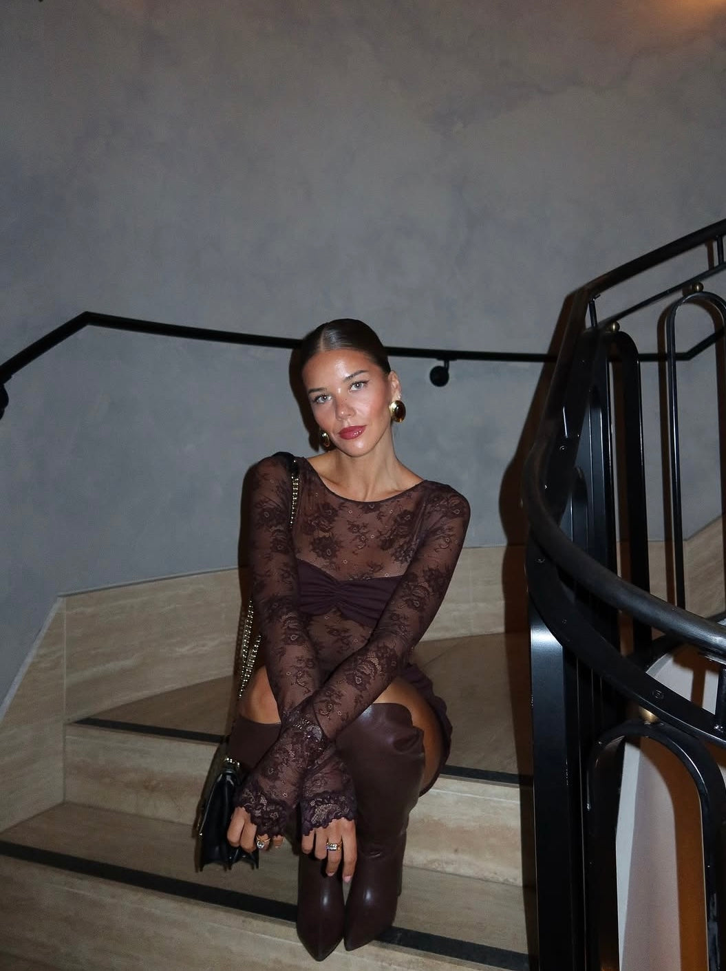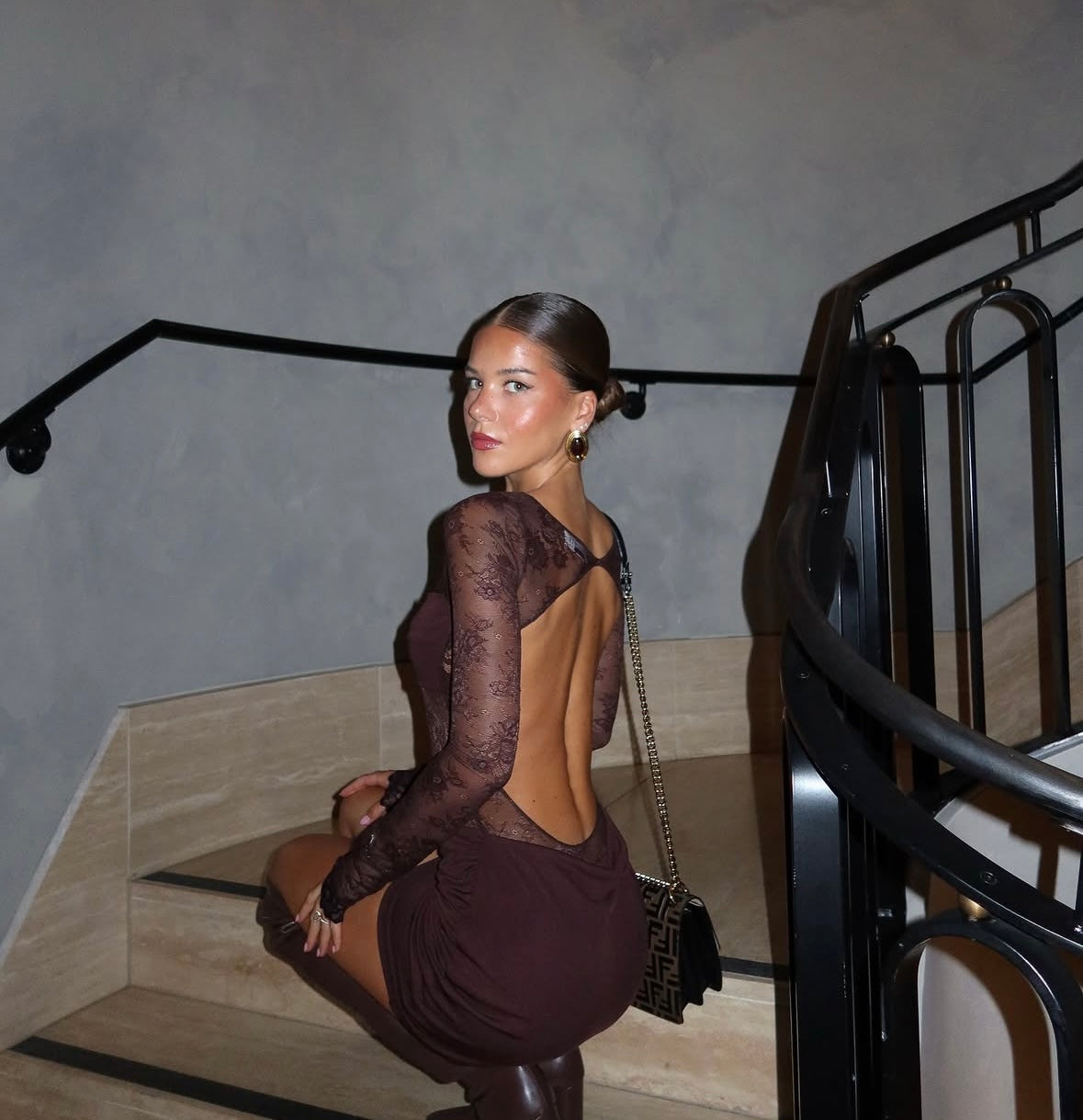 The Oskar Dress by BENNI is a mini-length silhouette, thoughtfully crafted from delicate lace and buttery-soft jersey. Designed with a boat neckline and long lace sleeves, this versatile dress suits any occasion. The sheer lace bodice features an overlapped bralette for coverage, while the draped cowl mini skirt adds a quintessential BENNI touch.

----

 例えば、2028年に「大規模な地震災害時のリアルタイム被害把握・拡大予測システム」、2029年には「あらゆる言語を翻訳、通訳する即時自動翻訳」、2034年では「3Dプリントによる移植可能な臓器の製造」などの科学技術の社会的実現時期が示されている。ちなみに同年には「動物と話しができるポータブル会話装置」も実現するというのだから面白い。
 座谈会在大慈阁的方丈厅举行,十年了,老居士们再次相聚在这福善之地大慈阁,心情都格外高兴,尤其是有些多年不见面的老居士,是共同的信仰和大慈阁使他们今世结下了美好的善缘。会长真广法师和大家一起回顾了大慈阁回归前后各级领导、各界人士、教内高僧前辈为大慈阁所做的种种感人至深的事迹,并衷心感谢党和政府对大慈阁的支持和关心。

----

**Requirement**
Going down the listing above, begin printing at the line with "例えば、2028年に「大規模" and finish with the line with "座谈会在大慈阁的方丈厅举行,十年了,老居", exactly as they appear.

**Task solution**
 例えば、2028年に「大規模な地震災害時のリアルタイム被害把握・拡大予測システム」、2029年には「あらゆる言語を翻訳、通訳する即時自動翻訳」、2034年では「3Dプリントによる移植可能な臓器の製造」などの科学技術の社会的実現時期が示されている。ちなみに同年には「動物と話しができるポータブル会話装置」も実現するというのだから面白い。
 座谈会在大慈阁的方丈厅举行,十年了,老居士们再次相聚在这福善之地大慈阁,心情都格外高兴,尤其是有些多年不见面的老居士,是共同的信仰和大慈阁使他们今世结下了美好的善缘。会长真广法师和大家一起回顾了大慈阁回归前后各级领导、各界人士、教内高僧前辈为大慈阁所做的种种感人至深的事迹,并衷心感谢党和政府对大慈阁的支持和关心。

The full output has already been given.